Entscheidungsdatum: 2016-07-12
Aktenzeichen: 1 StR 132/16
ECLI: ECLI:DE:BGH:2016:120716B1STR132.16.0
Dokumenttyp: Beschluss
Normen: § 180 AO, § 370 Abs 1 AO, § 10a GewStG, § 11 GewStG, §§ 11ff GewStG
Vorinstanz: vorgehend LG Schwerin, 11. September 2015, Az: 31 KLs 6/11
Spruchkörper: 1. Strafsenat
Steuerhinterziehung: Steuervorteil bei Bewirken eines fehlerhaften Gewerbesteuermessbescheids
Die Revisionen der Angeklagten gegen das Urteil des Landgerichts Schwerin vom 11. September 2015 werden als unbegründet verworfen (§ 349 Abs. 2 StPO).
Jeder Beschwerdeführer hat die Kosten seines Rechtsmittels zu tragen.

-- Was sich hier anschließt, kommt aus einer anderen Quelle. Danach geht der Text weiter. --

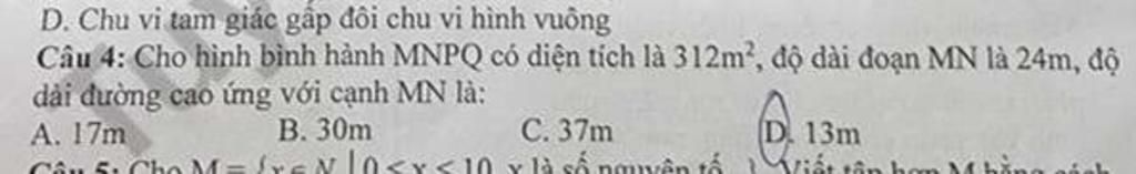 Câu 4: Cho hình bình hành MNPQ có diện tích là 312m, độ dài đoạn MN là 24m, độ

Ergänzend bemerkt der Senat, dass ein unrichtiger Gewerbesteuermessbescheid ebenso wie ein unrichtiger Feststellungsbescheid zur einheitlichen und gesonderten Feststellung des Gewinns nach § 180 AO (BGH, Beschluss vom 22. November 2012 - 1 StR 537/12, BGHSt 58, 50) und die Feststellung eines zu hohen vortragsfähigen Gewerbeverlustes nach § 10a GewStG (BGH, Beschluss vom 2. November 2010 - 1 StR 544/09, NZWiSt 2012, 75) nicht gerechtfertigte Steuervorteile im Sinne des § 370 Abs. 1 AO darstellen.